Records to use section start

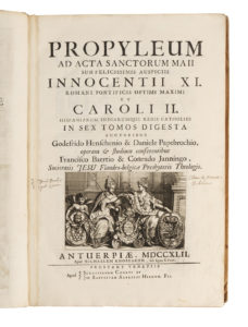 HENSCHENIO (Godefrido) & PAPEBROCHIO (Daniele). — Propyleum ad acta sanctorum maii sub felicissimis auspiciis Innocentii XI. — Romani Pontificis optimi maximi et Caroli II. — Hispaniarum Indiarumque Regis Catholici in sex tomos digesta....
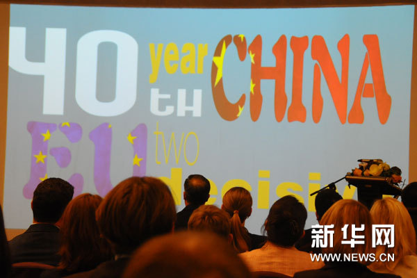 ??? 7月16日,第十屆歐洲外交官研討班開班儀式暨《中國(guó)歐盟建交40周年》紀(jì)念畫冊(cè)發(fā)行儀式在京舉行,圖為學(xué)員們觀看中國(guó)歐盟四十周年紀(jì)念短片。新華網(wǎng)記者 張藝 攝
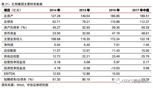 (3)母弱子強(qiáng),子公司盈利下滑觸發(fā)多只債券相繼違約。2017年中報中貨幣資金總額為48.6億元,其中17.4億元歸屬于上市子公司億陽信通,而負(fù)債主要集中在母公司。億陽信通前三季度業(yè)績同比虧損6124.09萬元,聯(lián)合評級下調(diào)其信用評級,外部融資進(jìn)一步惡化。2018年年初“16億陽01”的實質(zhì)性違約,進(jìn)一步暴露集團(tuán)內(nèi)部流動性收縮以及外部融資渠道不暢等風(fēng)險,此后三個季度內(nèi)相繼有4只債券違約。
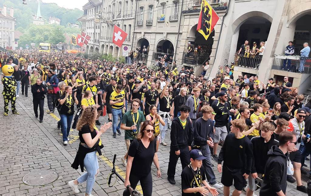 Marcha multitudinaria por la victoria de Young Boys el domingo 26 de mayo del Estadio Wankdorf hacia la Bundesplatz en Berna Foto Sergio Ferrari
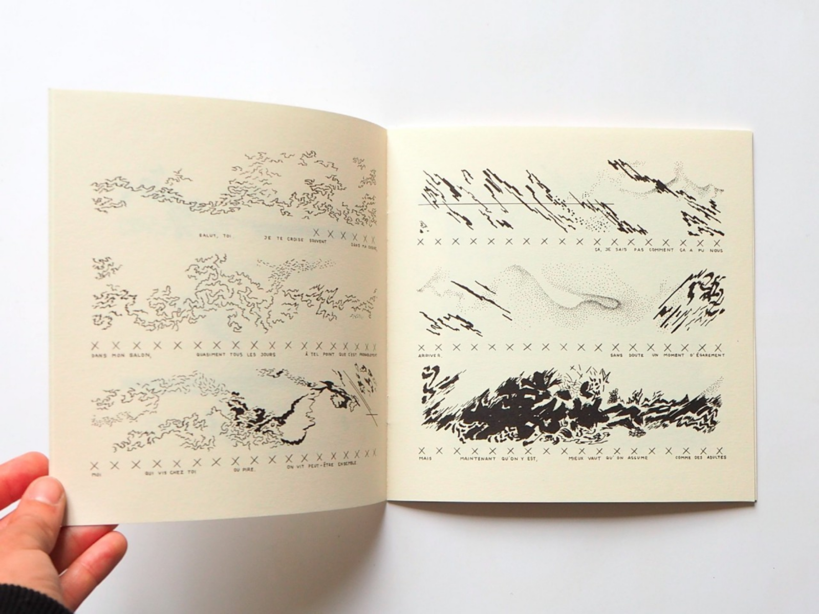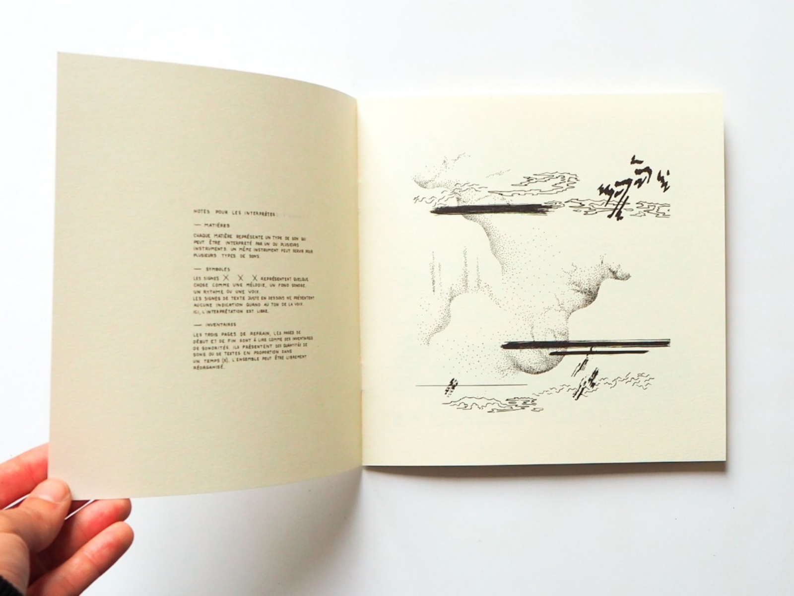 Une série de partitions graphiques a ainsi été réalisée par cinq des membres d’Hécatombe, puis a été interprétée et enregistrée par les cinq musiciens de l’Ensemble Batida. Chaque partition a ainsi été imprimée dans un livret incluant un flexi-disc. Les cinq livrets sont vernis à intervalles réguliers et donnent lieu à une série de concerts à travers la Suisse et l’Europe.
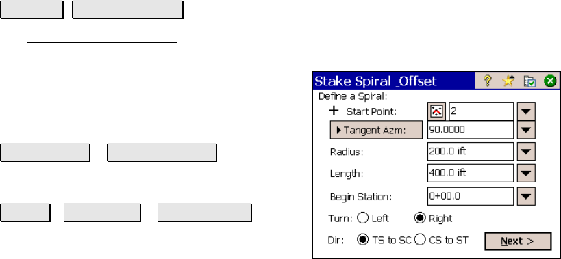 Spiral) and ends at the tangent (Spiral to Tangent).
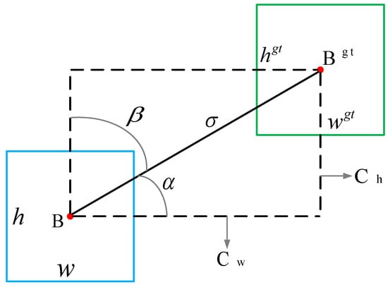 denotes the angular cost, where the angle in this cost function refers to the angle formed by the line connecting the centre point of the ground truth and the centre point of the predicted bounding box. The formula is as follows.
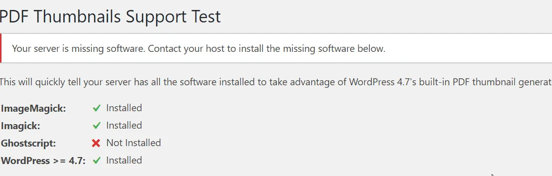 Um Thumbnails von PDFs zu erzeugen, benötigt WordPress ImageMagicl, Imagick PECL Extension und/oder GhostScript als Erweiterung deines PHP. Wenn nach dem Hochladen keine Thumbnails für PDFs erzeugt werden, ist höchstwahrscheinlich eine dieser Komponenten nicht installiert. In den folgenden Schritten kannst du überprüfen, welche der Komponenten fehlt:
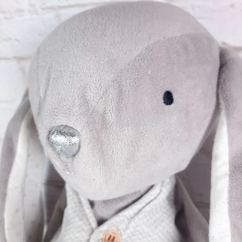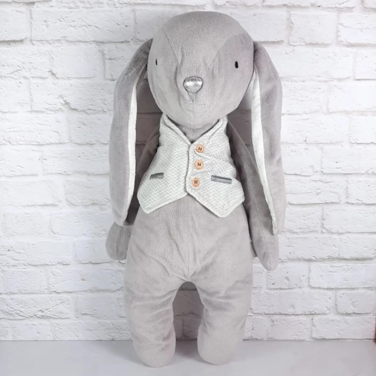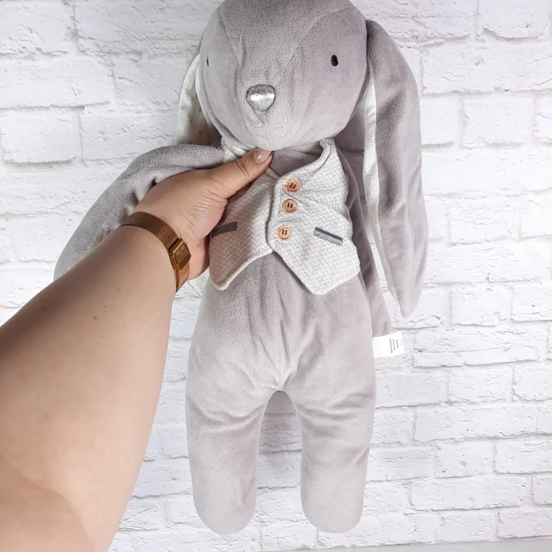 عروسک فوق العاده زیبا،خاص و خوش رنگ خرگوش پارچه ای ،جلیقه اش مخمل طرح دار هست ، جنسش ضد حساسیت، نرم و بغلی ،قابل شستشو ست.

Records to use section end

Beginning at the line above that contains "Spiral) and ends", repeat each line exactly through the one that contains "denotes the angular", and leave out the pictures.

• [The answer]
 Spiral) and ends at the tangent (Spiral to Tangent).
 denotes the angular cost, where the angle in this cost function refers to the angle formed by the line connecting the centre point of the ground truth and the centre point of the predicted bounding box. The formula is as follows.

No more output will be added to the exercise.